Start of Block

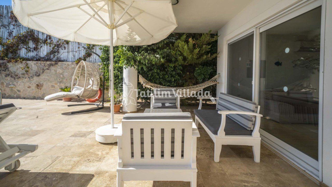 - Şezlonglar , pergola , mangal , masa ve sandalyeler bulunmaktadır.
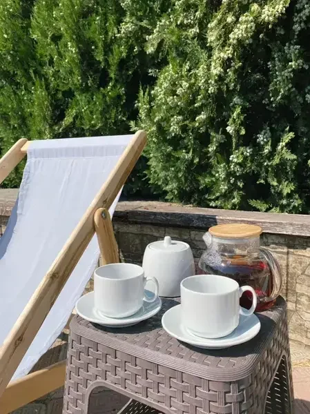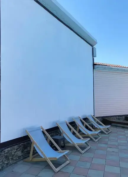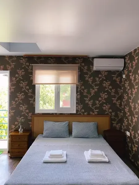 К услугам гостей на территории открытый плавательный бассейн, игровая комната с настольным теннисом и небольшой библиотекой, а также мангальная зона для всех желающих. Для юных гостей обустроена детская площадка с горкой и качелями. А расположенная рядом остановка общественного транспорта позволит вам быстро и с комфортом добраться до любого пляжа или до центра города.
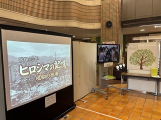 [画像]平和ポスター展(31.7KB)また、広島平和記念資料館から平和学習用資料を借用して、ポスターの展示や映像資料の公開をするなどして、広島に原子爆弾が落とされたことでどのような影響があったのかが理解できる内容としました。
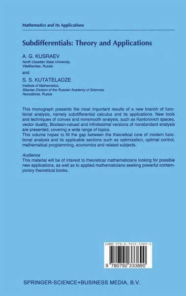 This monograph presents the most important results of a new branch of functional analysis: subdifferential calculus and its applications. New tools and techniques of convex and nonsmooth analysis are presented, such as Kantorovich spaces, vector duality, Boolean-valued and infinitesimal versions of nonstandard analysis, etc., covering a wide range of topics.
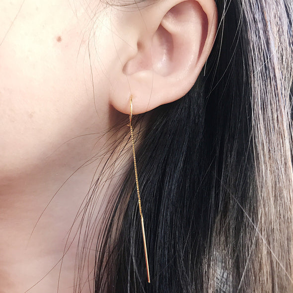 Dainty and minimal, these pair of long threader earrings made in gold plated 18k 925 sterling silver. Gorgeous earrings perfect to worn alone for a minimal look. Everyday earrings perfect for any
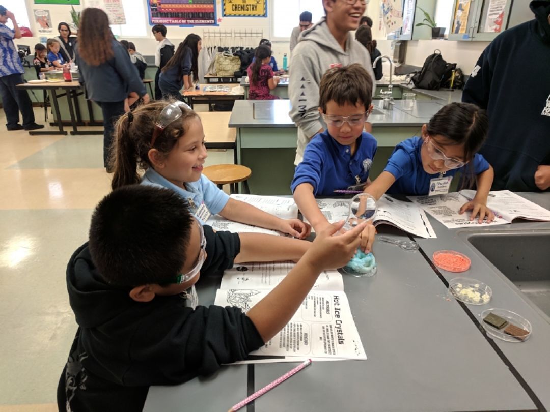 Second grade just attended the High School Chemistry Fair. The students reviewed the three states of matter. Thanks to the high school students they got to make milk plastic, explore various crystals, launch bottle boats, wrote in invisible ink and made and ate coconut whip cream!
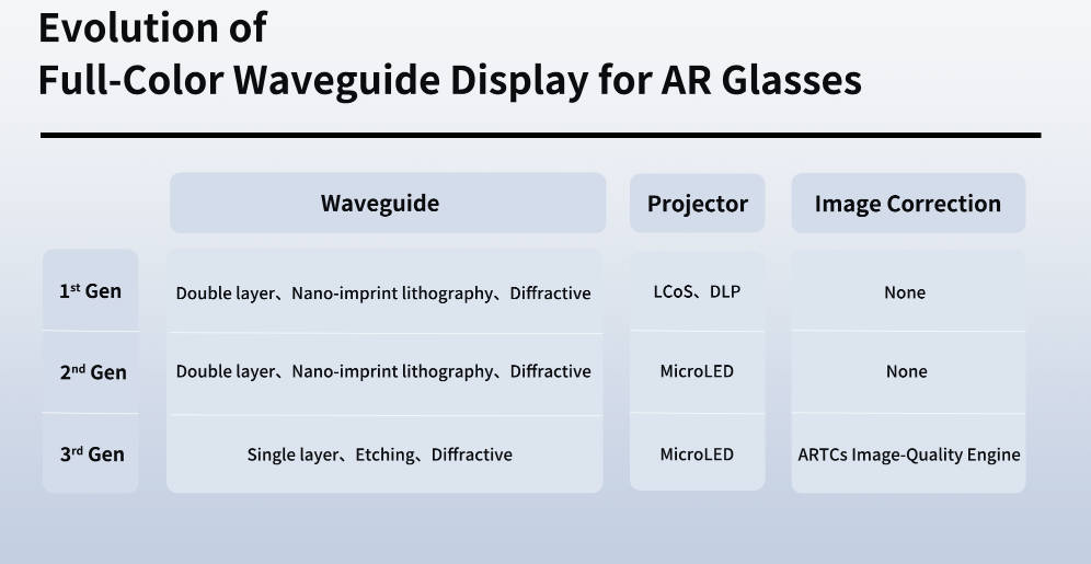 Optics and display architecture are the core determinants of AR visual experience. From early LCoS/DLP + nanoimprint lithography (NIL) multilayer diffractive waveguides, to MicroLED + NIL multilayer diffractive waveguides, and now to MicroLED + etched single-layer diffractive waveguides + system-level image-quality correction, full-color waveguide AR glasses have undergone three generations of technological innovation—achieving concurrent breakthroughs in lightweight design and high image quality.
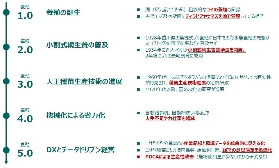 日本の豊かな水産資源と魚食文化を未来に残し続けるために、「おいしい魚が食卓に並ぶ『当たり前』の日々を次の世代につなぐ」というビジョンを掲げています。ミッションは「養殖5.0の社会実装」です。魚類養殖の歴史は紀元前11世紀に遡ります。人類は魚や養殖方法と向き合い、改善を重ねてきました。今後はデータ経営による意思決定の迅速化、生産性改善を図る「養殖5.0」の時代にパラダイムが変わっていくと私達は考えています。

End of Block

Task goal: Whatever lies between the first line of the data and the line holding "Dainty and minimal, these", inclusive, should be repeated exactly, apart from the pictures.

Response box:
 - Şezlonglar , pergola , mangal , masa ve sandalyeler bulunmaktadır.
 К услугам гостей на территории открытый плавательный бассейн, игровая комната с настольным теннисом и небольшой библиотекой, а также мангальная зона для всех желающих. Для юных гостей обустроена детская площадка с горкой и качелями. А расположенная рядом остановка общественного транспорта позволит вам быстро и с комфортом добраться до любого пляжа или до центра города.
 [画像]平和ポスター展(31.7KB)また、広島平和記念資料館から平和学習用資料を借用して、ポスターの展示や映像資料の公開をするなどして、広島に原子爆弾が落とされたことでどのような影響があったのかが理解できる内容としました。
 This monograph presents the most important results of a new branch of functional analysis: subdifferential calculus and its applications. New tools and techniques of convex and nonsmooth analysis are presented, such as Kantorovich spaces, vector duality, Boolean-valued and infinitesimal versions of nonstandard analysis, etc., covering a wide range of topics.
 Dainty and minimal, these pair of long threader earrings made in gold plated 18k 925 sterling silver. Gorgeous earrings perfect to worn alone for a minimal look. Everyday earrings perfect for any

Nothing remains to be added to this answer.